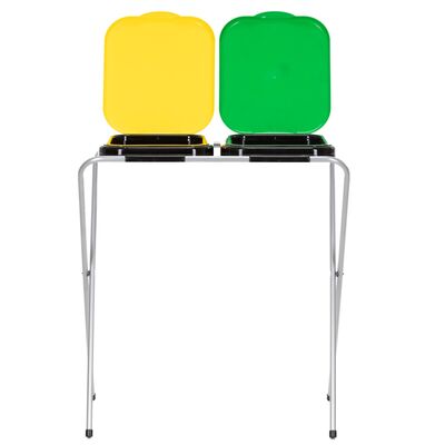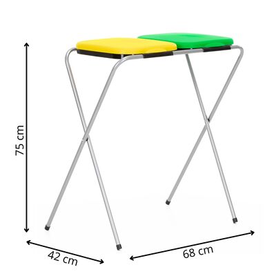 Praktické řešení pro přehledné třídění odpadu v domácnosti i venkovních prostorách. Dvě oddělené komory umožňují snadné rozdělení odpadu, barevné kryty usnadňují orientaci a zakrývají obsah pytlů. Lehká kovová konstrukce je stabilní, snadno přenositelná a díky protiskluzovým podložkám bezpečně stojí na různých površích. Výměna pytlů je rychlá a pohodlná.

——

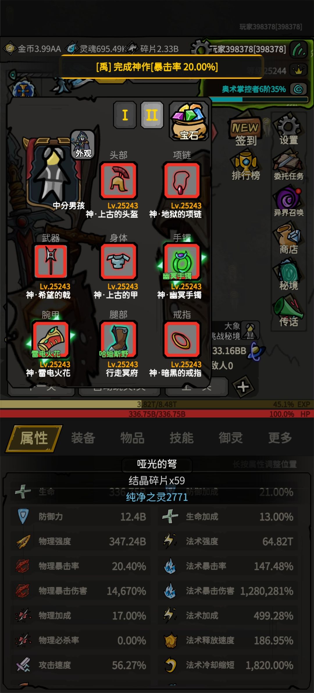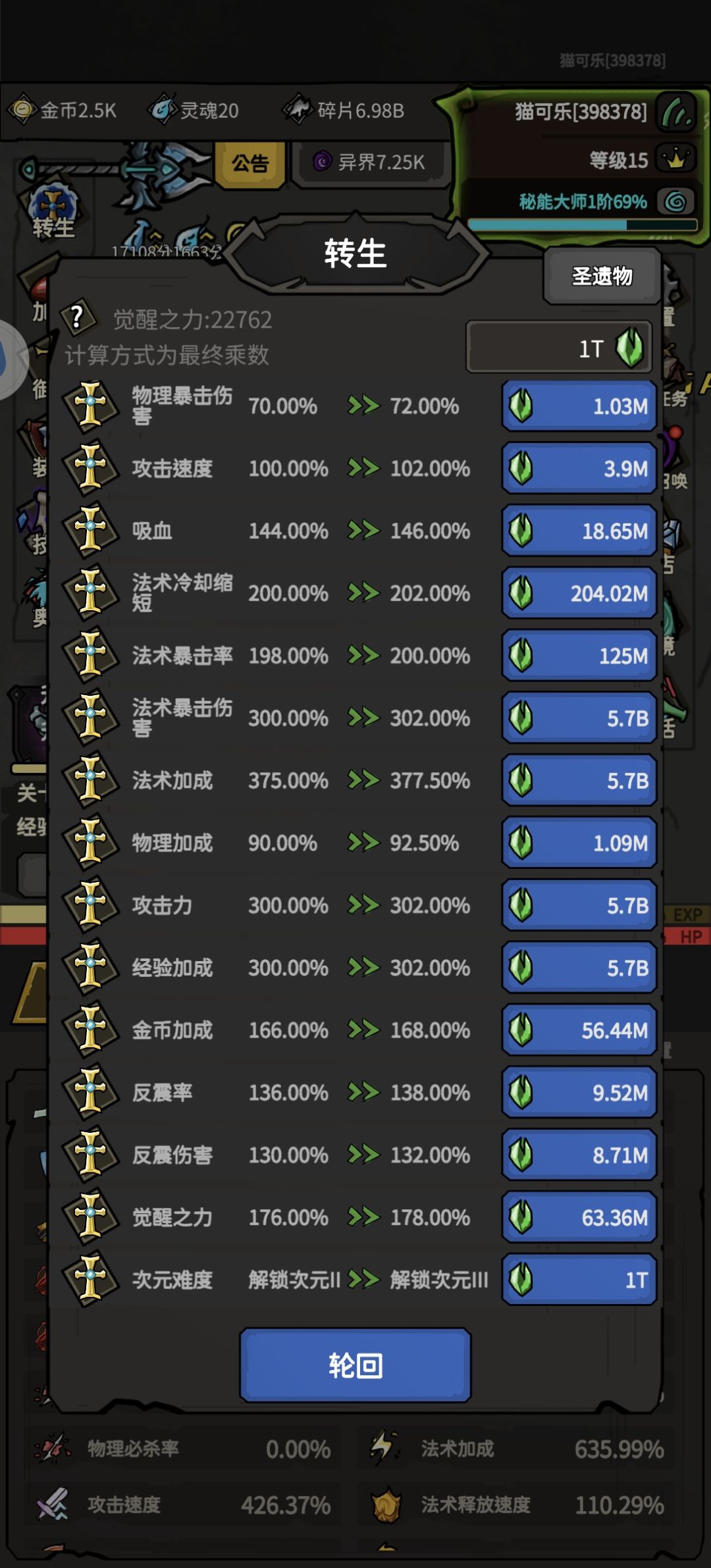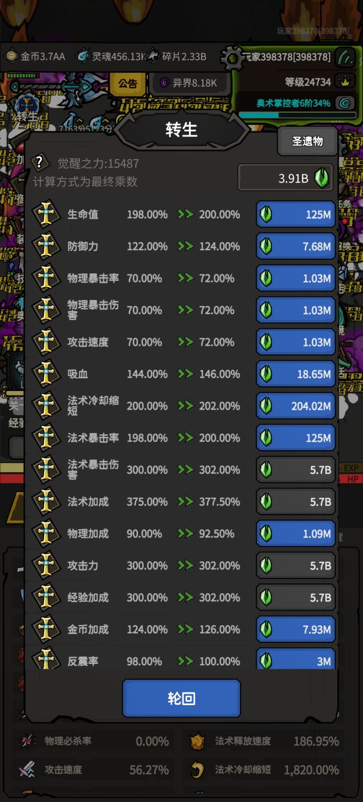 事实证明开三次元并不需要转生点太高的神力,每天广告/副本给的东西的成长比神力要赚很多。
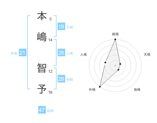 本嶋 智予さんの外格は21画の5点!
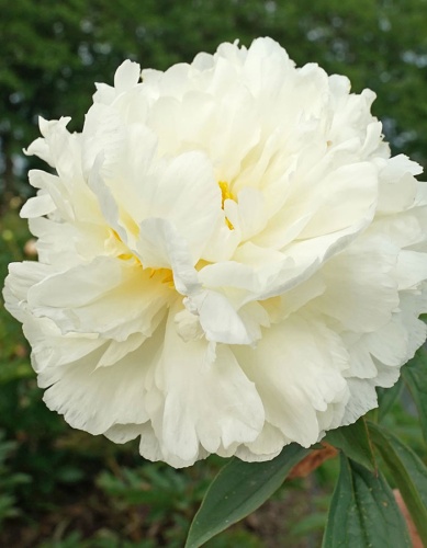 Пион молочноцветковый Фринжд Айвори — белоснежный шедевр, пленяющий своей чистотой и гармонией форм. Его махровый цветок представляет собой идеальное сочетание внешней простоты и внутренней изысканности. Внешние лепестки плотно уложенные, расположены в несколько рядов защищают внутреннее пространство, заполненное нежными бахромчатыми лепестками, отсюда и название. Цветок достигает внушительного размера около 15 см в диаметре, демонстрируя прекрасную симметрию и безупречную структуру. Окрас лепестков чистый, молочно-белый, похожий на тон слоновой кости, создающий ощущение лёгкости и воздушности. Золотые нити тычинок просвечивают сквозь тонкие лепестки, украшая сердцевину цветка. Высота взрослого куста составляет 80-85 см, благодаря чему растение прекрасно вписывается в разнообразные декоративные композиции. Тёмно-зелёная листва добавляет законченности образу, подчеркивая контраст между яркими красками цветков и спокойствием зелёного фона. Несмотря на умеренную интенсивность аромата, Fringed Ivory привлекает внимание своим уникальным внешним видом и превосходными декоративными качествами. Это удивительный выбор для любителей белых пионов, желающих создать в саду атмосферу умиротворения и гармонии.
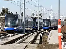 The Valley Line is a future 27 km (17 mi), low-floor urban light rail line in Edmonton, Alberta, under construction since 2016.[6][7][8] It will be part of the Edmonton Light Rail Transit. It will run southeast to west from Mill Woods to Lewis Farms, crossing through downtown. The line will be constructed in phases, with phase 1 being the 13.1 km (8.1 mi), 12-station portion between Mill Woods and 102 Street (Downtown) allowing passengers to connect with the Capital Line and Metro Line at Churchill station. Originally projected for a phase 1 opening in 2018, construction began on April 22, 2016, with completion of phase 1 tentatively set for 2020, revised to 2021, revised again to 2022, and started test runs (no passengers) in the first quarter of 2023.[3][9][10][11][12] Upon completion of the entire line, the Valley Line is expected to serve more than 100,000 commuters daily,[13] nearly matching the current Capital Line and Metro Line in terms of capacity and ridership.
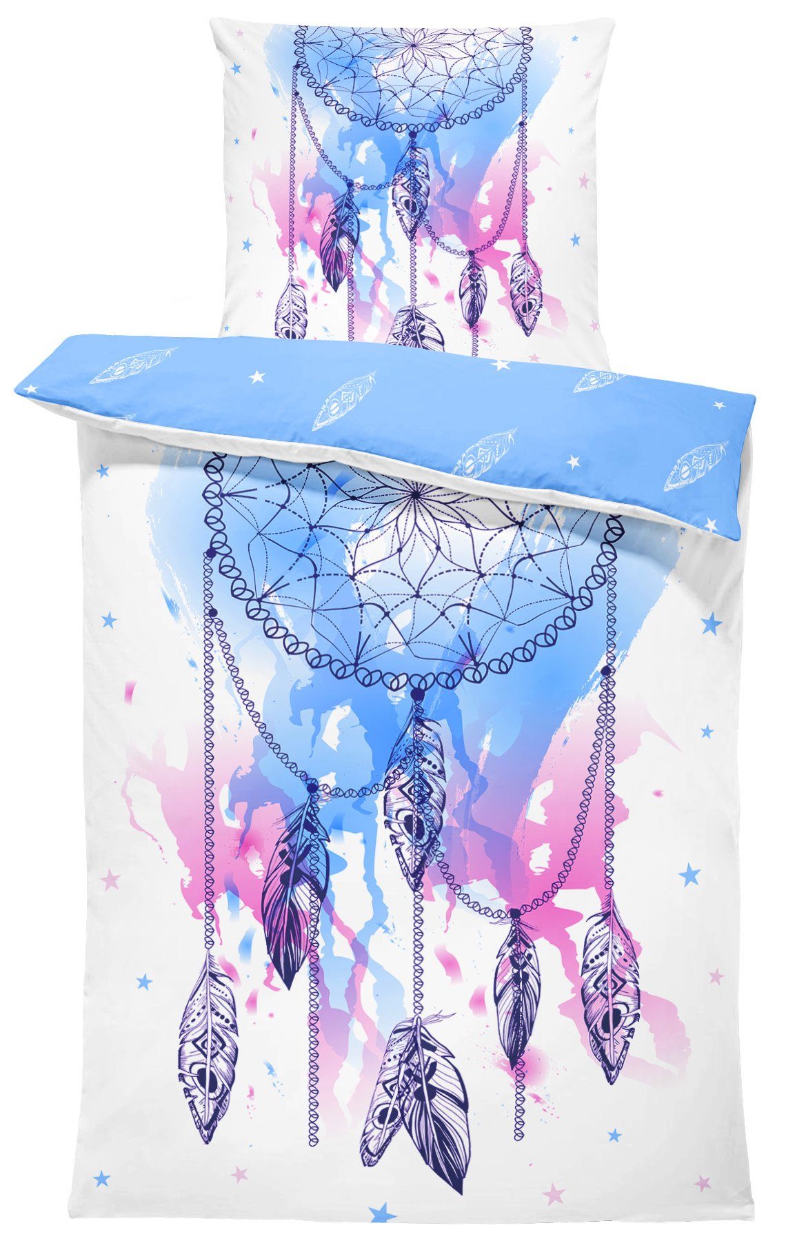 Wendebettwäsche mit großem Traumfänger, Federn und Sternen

——

● **TASK BRIEF**
Write out the lines above from the one with "The Valley Line is a" through the one with "Wendebettwäsche mit großem", ends included, exactly; no picture goes in.

● **ANSWER FOR THIS EXERCISE**
 The Valley Line is a future 27 km (17 mi), low-floor urban light rail line in Edmonton, Alberta, under construction since 2016.[6][7][8] It will be part of the Edmonton Light Rail Transit. It will run southeast to west from Mill Woods to Lewis Farms, crossing through downtown. The line will be constructed in phases, with phase 1 being the 13.1 km (8.1 mi), 12-station portion between Mill Woods and 102 Street (Downtown) allowing passengers to connect with the Capital Line and Metro Line at Churchill station. Originally projected for a phase 1 opening in 2018, construction began on April 22, 2016, with completion of phase 1 tentatively set for 2020, revised to 2021, revised again to 2022, and started test runs (no passengers) in the first quarter of 2023.[3][9][10][11][12] Upon completion of the entire line, the Valley Line is expected to serve more than 100,000 commuters daily,[13] nearly matching the current Capital Line and Metro Line in terms of capacity and ridership.
 Wendebettwäsche mit großem Traumfänger, Federn und Sternen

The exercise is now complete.